権現山は、向笠小の運動場からつながっている標高60mほどの里山です。昭和の終わりに、山の北半分をけずって今の向笠小の運動場と校舎が建てられました。

権現山の森は、木の生え方で見ると、3つの部分からできています。
- 大昔からもともと生えていた森(照葉樹林)
- 人間がヒノキなどを植林した森(針葉樹林)
- 荒れ地だったところに野鳥などが種を運んで自然が回復してきている森
権現山は樹木の種類が豊富です。ただ、問題もあります。荒れ地で一番初めに大きくなったクロマツが、松食い虫の被害で、どんどん立ちがれているのです。かれた松の切りたおしと、ヒノキの下枝の切り落としを行わないと、山がどんどん荒れてしまいます。
そこで、向笠小の子どもたちが、権現山を里山としてよみがえらせるために立ち上がりました。
※写真は初夏の権現山。白く見える木は、アキグミ。荒れ地だったところが20年をかけて再生した森の部分です。
権現山のびっくり情報
- 権現山は、山ではない?
- 権現山には、ひみつきちがある?
- 権現山は、お墓(はか)である?
- 権現山では、しばかりをしている?
- 権現山には、野鳥がいっぱいいる?
権現山は、山ではない?(地形の話)
権現山は、磐田原台地の東のはしの崖です。実は山ではありません。向笠小の運動場から見上げると、こんもりとした小山のように見えますが、頂上まで登って南側に行くと、台地の上の茶畑に出てしまいます。
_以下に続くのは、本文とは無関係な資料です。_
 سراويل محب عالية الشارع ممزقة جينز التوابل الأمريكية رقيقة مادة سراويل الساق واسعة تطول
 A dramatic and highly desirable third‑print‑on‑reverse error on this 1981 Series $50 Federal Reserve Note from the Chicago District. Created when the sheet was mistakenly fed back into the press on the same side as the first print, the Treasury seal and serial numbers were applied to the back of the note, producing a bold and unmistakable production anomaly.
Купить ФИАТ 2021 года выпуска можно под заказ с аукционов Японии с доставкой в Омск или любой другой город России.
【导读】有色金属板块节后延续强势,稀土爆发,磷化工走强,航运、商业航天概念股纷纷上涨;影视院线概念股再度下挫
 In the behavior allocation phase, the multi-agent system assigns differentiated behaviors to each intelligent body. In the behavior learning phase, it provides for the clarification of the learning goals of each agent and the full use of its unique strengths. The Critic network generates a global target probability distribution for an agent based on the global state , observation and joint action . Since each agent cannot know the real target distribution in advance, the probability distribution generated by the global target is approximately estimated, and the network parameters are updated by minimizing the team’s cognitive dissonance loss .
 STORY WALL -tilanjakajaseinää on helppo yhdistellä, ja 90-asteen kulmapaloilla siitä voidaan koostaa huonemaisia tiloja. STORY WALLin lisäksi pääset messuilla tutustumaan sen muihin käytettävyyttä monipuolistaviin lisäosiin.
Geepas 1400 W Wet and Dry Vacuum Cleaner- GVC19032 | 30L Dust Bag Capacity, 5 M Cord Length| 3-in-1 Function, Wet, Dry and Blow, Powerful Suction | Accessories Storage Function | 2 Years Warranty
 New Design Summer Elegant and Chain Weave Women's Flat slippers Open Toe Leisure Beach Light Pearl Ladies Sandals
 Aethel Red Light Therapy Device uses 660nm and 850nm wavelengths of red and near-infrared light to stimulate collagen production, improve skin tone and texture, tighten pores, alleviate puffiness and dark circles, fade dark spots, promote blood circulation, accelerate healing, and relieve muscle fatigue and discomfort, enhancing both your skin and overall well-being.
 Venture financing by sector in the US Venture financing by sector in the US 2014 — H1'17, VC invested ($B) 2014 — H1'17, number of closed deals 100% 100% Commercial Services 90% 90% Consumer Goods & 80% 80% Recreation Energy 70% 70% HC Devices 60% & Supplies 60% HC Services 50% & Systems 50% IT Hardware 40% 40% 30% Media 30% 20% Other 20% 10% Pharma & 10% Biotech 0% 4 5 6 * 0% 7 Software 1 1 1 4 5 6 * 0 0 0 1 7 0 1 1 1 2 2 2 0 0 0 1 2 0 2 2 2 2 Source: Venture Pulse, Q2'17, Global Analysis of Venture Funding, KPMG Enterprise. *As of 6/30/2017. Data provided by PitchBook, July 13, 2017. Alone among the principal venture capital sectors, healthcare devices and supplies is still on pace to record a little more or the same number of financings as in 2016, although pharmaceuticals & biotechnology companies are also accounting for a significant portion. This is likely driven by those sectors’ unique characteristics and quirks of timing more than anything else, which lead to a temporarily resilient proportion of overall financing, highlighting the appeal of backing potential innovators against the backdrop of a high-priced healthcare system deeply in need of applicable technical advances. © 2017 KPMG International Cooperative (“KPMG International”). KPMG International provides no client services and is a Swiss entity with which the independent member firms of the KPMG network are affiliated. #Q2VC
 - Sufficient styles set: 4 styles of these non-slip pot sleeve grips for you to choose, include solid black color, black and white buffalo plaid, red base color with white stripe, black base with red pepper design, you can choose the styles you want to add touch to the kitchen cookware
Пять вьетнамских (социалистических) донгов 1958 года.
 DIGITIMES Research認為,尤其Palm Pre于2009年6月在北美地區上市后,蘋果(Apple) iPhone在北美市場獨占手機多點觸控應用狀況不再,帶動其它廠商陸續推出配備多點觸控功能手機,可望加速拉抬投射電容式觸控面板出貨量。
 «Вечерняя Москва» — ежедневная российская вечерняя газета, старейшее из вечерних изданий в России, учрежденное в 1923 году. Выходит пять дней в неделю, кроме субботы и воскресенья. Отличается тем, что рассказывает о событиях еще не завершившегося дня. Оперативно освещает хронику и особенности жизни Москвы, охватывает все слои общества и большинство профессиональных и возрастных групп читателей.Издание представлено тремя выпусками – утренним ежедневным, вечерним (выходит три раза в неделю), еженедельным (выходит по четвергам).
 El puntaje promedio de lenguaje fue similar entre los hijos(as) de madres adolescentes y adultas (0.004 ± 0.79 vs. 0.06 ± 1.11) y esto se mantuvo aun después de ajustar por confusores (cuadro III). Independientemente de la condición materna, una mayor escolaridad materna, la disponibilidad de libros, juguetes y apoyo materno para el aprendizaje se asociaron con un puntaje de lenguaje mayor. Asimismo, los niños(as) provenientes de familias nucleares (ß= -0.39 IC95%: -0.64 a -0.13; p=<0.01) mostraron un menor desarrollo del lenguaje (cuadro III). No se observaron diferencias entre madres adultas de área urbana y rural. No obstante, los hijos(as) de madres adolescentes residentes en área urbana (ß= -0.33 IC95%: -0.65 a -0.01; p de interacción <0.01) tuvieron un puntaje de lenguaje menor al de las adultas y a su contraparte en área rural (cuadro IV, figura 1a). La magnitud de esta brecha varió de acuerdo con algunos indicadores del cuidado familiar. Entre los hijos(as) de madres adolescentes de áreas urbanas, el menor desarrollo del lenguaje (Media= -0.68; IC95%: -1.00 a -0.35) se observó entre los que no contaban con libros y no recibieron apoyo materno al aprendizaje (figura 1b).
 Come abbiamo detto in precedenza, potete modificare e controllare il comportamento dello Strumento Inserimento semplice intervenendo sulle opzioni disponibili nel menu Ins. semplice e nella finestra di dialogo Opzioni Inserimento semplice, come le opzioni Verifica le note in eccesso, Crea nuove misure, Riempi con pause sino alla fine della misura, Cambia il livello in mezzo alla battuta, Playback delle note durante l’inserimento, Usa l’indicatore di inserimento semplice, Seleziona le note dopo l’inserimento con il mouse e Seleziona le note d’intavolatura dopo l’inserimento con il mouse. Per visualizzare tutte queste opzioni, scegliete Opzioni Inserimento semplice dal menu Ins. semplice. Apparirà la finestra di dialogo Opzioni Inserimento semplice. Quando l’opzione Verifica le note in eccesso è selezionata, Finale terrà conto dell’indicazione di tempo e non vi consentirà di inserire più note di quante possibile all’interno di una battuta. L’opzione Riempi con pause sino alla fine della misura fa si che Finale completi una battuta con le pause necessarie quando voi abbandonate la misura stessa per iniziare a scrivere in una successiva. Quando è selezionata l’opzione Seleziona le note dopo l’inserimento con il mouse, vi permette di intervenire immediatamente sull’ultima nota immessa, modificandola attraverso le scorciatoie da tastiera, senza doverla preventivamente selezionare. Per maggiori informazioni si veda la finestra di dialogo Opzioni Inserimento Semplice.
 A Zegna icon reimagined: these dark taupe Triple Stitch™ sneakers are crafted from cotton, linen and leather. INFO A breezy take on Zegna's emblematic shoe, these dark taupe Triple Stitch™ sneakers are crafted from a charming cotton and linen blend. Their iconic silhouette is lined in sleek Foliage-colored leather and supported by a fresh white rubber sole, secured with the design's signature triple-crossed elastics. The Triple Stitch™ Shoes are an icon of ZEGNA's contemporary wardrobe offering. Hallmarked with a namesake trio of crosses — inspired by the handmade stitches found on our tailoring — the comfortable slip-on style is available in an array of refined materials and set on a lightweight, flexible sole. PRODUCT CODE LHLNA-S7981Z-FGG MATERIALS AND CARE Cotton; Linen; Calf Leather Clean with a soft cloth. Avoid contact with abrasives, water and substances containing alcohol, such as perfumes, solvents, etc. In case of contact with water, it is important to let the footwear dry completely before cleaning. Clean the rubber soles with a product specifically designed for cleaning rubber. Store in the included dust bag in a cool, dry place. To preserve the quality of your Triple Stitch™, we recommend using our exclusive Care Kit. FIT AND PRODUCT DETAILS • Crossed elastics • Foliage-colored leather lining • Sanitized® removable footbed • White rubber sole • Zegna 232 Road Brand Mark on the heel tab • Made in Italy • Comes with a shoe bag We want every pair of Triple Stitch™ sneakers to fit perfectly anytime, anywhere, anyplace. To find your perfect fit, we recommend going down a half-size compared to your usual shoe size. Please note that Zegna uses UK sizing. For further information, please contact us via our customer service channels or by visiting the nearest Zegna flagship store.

下の図を見てください。山ならば、左の図のようになるはずですが、権現山は右の図のようになっているのです。このことは、遠くから向笠小を見ればよく分かります。
権現山には、ひみつきちがある?


権現山の頂上には、向笠小の2年生が、生活科で作っているひみつきちがあります。おうちの人たちも手伝ってくださって、りっぱなひみつきちがいくつもできあがっています。
権現山は、お墓である?(歴史の話)
権現山の頂上にはお墓があります。古墳とよばれている昔の人のお墓です。前方後円墳2基と円墳3基があります。現在までに3基が調査されていて、須恵器(すえき)や大刀(たち)や鉄ぞくなどの武具(ぶぐ)、馬具(ばぐ)、曲玉(まがたま)や管玉(くがたま)などが見つかっています。1号墳と2号墳の主体部は、横穴式木室(よこあなしきもくしつ)というめずらしい作りだったそうです。では、磐田市役所に展示された向笠のお宝を紹介しましょう。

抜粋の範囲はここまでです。